How to make POST, PUT and DELETE requests using Puppeteer?

Oleg Kulyk

Oleg Kulyk

Co-Founder @ ScrapingAnt

Puppeteer make POST request

Making POST, PUT, and DELETE requests is a crucial web scraping and web testing technique. Still, this functionality is not included in Puppeteer's API as a separate function.

Let's check out the workaround for this situation and create a helper function to fix this out.

Why do we need POST while web scraping?#

POST request is one of several available HTTP request types. By design, this method is used to send data to a web server for processing and possible storage.

POST requests usage is one of the main ways to send form data during login or registration.

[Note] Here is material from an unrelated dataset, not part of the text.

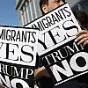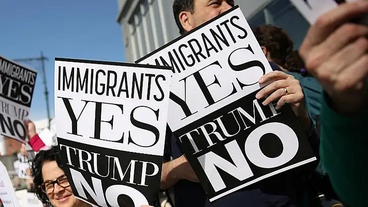 Sıkı güvenlik önlemlerinin alındığı Manhattan'da toplanan yüzlerce gösterici Trump'a tepki gösterdi. "Göçmenlere evet, Trump'a hayır", "Benim başkanım değil" yazılı dövizler taşıyan protestoculara yoldan geçen bazı araçların sürücülerin de korna çalarak destek verdi.

It is also one of the ways to send any data to the web server.

Earlier, one of the main implementation patterns of login or registration was to send the form data with the required authorization parameters via POST request and get the protected content as a response to this request (along with cookies to avoid re-entering the authentication and authorization data).

Nowadays SPAs (Single Page Applications) also use POST requests to send data to API, but such requests usually return only necessary data to update web page and not the whole page.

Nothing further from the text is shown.